Wild Life is a 2011 Canadian animated short film by Wendy Tilby and Amanda Forbis. The film debuted at the 2011 Worldwide Short Film Festival in Toronto in June 2011 and online on January 6, 2012. The film was nominated for Best Animated Short Film at the 84th Academy Awards, and Best Animated Short Subject at the 39th Annie Awards as well as a Genie Award for Best Animated Short at the 32nd Genie Awards.

Based in Calgary, Tilby and Forbis were previously nominated for an Academy Award for Best Animated Short Film for their 1999 NFB film When the Day Breaks, with Tilby also nominated individually for her 1991 NFB short Strings.

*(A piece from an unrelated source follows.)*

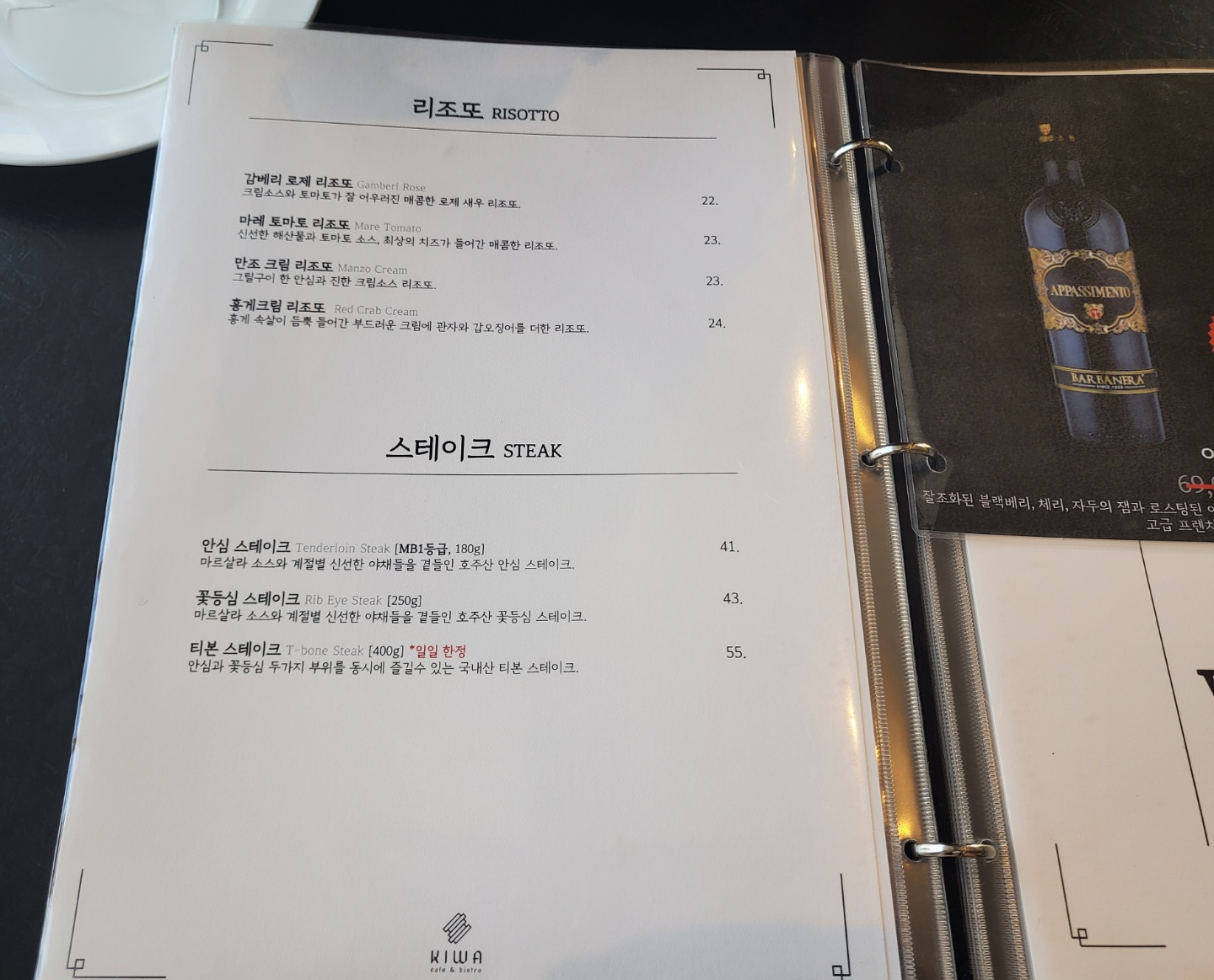 킹 타이거 오일 & 크림 파스타가 신메뉴로 추천해주셨는데, 저는 리조또를 먹고 싶어서 포기했어요,,ㅠ 다음에 또 와서 먹어보면 되니깐요..ㅎㅎ

Wild Life was produced by Marcy Page and Bonnie Thompson.

==Premise==
The film follows the story of a dapper young remittance man sent to Alberta from England in 1909, with disastrous results.

==Production==
In addition to writing and directing the film, Forbis and Tilby drew and painted every animation frame in guache, and wrote the lyrics for the film's final song. They were only able to work on Wild Life part-time, due to commercial obligations, and the film is reported to have taken them from six to over seven years, from concept to completion.

==Awards==
The film has been nominated as Best Animated Short Film at the 84th Academy Awards, and Best Animated Short Subject at the 39th Annie Awards as well as a Genie Award for Best Animated Short at the 32nd Genie Awards. The short won three honors at the 38th Annual Alberta Film and Television Awards in Calgary, including the Rosie for Best Short. Forbis and Tilby also won the Rosie for Best Animator(s) or Motion Graphic Artist(s), while the award for Best Overall Sound — Drama went to Wild Life creative crew David J. Taylor and Pat Butler. Wild Life won a Golden Sheaf Award for Best Animation at the 2012 Yorkton Film Festival.